Fundamental
Overview
The FOMC decision on Wednesday didn’t
provide anything new. In fact, the Fed delivered on expectations with no
surprises whatsoever. The central bank kept rates steady, reduced the QT pace,
revised growth lower and inflation higher, and kept the dot plot mostly unchanged.
Fed Chair Powell
acknowledged the current uncertainty around Trump’s policies and the inflation
outlook but confirmed that the economy remains healthy, and the Fed is in a
good position to wait for more clarity.
In the bigger picture, as
long as the Fed doesn’t change its reaction function and doesn’t mention rate
hikes, the trend should remain to the upside as real yields will continue to
fall unless we get another strong growth scare. Therefore, all the technical
pullbacks continue to be just dip-buying opportunities.
The next key event is
scheduled for Monday when we get the US Flash PMIs which coupled with the UMich
inflation expectations triggered the growth scare last month.
Gold
Technical Analysis – Daily Timeframe
Gold Daily
On the daily chart, we can
see that gold got into some consolidation around the 3050 level as we haven’t
got anything new in terms of fundamentals. From a risk management perspective,
the buyers will have a better risk to reward setup around the 2955 level where
they will also find the trendline
for confluence.
The sellers, on the other hand, will want to see the price breaking below the trendline
to target the 2832 level next.
Gold Technical Analysis
– 4 hour Timeframe
Gold 4 hour
On the 4 hour chart, we can
see that we have a minor support around the 3020 level which is also the
neckline of the head
and shoulders formation. This is where we can expect the buyers to step in
with a defined risk below the neckline to position for a rally into new highs.

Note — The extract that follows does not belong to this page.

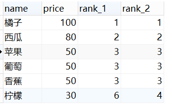 RANK() OVER (ORDER BY price DESC) AS rank_1,

The sellers, on the other hand, will look for a break lower to gain more
conviction and pile in for a drop into the 2955 level next.
Gold Technical Analysis
– 1 hour Timeframe
Gold 1 hour
On the 1 hour chart, we can
see that we have a counter-trendline that is defining the current pullback and
can turn into a bullish pennant if the price were to break to the upside. In
such a case, the buyers will likely increase the bullish bets into new highs,
while the sellers will likely lean on the counter-trendline to position for the
break below the neckline and the 2955 level next. The red lines define the average daily range for today.